**Data below**
*** Begin section ***

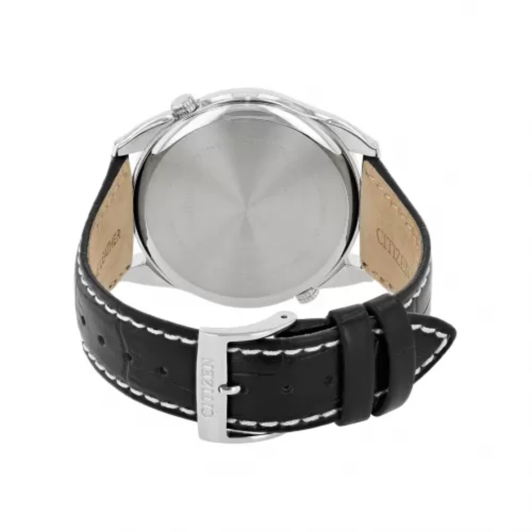 - Elevate your everyday style with the Citizen Quartz Dual Time Watch, a refined blend of elegance and practicality. Featuring a bold 44mm stainless steel case paired with a sleek black dial and genuine leather strap, this timepiece embodies timeless sophistication.
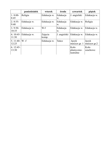 poniedziałek środa czwartek 1. 8:00- Religia 8:45 Edukacja w. Edukacja w. J. angielski 2. 8:55- Edukacja w. 9:40 Edukacja w. Edukacja w. Edukacja w. Religia 3. 9:50- Edukacja w. 10:35 W-f Edukacja w. Edukacja w. Edukacja w. 4. 10:45- Edukacja w. 11:30 Zajęcia komp. J. angielski Edukacja w. Edukacja w. 5. 11:40- W -f 12:25 Edukacja w. Tańce 6. 12:4513:30 wtorek piątek Edukacja w. Język Język maszyn gr. 1 maszyn gr.2 Koło plastycznoteatralne Koło szachowe
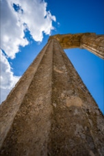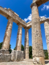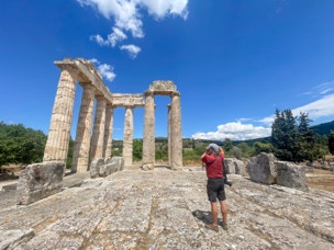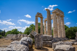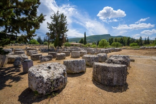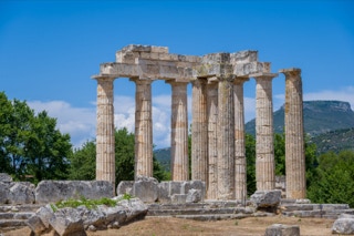 Die Spiele und den Tempel widmete Herakles seinem Vater Zeus, nachdem er den Nemeischen Löwen erwürgt hatte. Das ist eine Version der Gründung Nemeas, deren Zeitachse nicht so ganz mit der Realität übereinstimmt. Aber das spielt bei griechischen Mythen keine besonders große Rolle. Der Zeustempel ist auch mit den wenigen Säulen einer der beeindruckendsten seiner Art. Weitere Säulen warten aber noch auf ihre Restaurierung und bei einer Restaurierungsdauer von drei bis vier Jahren für eine Säule lässt die Fertigstellung des Gesamtkunstwerks noch etwas auf sich warten.

*** End section ***

**Assignment**
Please transcribe the material above exactly as written. Leave the pictures out.

**Task solution**
 - Elevate your everyday style with the Citizen Quartz Dual Time Watch, a refined blend of elegance and practicality. Featuring a bold 44mm stainless steel case paired with a sleek black dial and genuine leather strap, this timepiece embodies timeless sophistication.
 poniedziałek środa czwartek 1. 8:00- Religia 8:45 Edukacja w. Edukacja w. J. angielski 2. 8:55- Edukacja w. 9:40 Edukacja w. Edukacja w. Edukacja w. Religia 3. 9:50- Edukacja w. 10:35 W-f Edukacja w. Edukacja w. Edukacja w. 4. 10:45- Edukacja w. 11:30 Zajęcia komp. J. angielski Edukacja w. Edukacja w. 5. 11:40- W -f 12:25 Edukacja w. Tańce 6. 12:4513:30 wtorek piątek Edukacja w. Język Język maszyn gr. 1 maszyn gr.2 Koło plastycznoteatralne Koło szachowe
 Die Spiele und den Tempel widmete Herakles seinem Vater Zeus, nachdem er den Nemeischen Löwen erwürgt hatte. Das ist eine Version der Gründung Nemeas, deren Zeitachse nicht so ganz mit der Realität übereinstimmt. Aber das spielt bei griechischen Mythen keine besonders große Rolle. Der Zeustempel ist auch mit den wenigen Säulen einer der beeindruckendsten seiner Art. Weitere Säulen warten aber noch auf ihre Restaurierung und bei einer Restaurierungsdauer von drei bis vier Jahren für eine Säule lässt die Fertigstellung des Gesamtkunstwerks noch etwas auf sich warten.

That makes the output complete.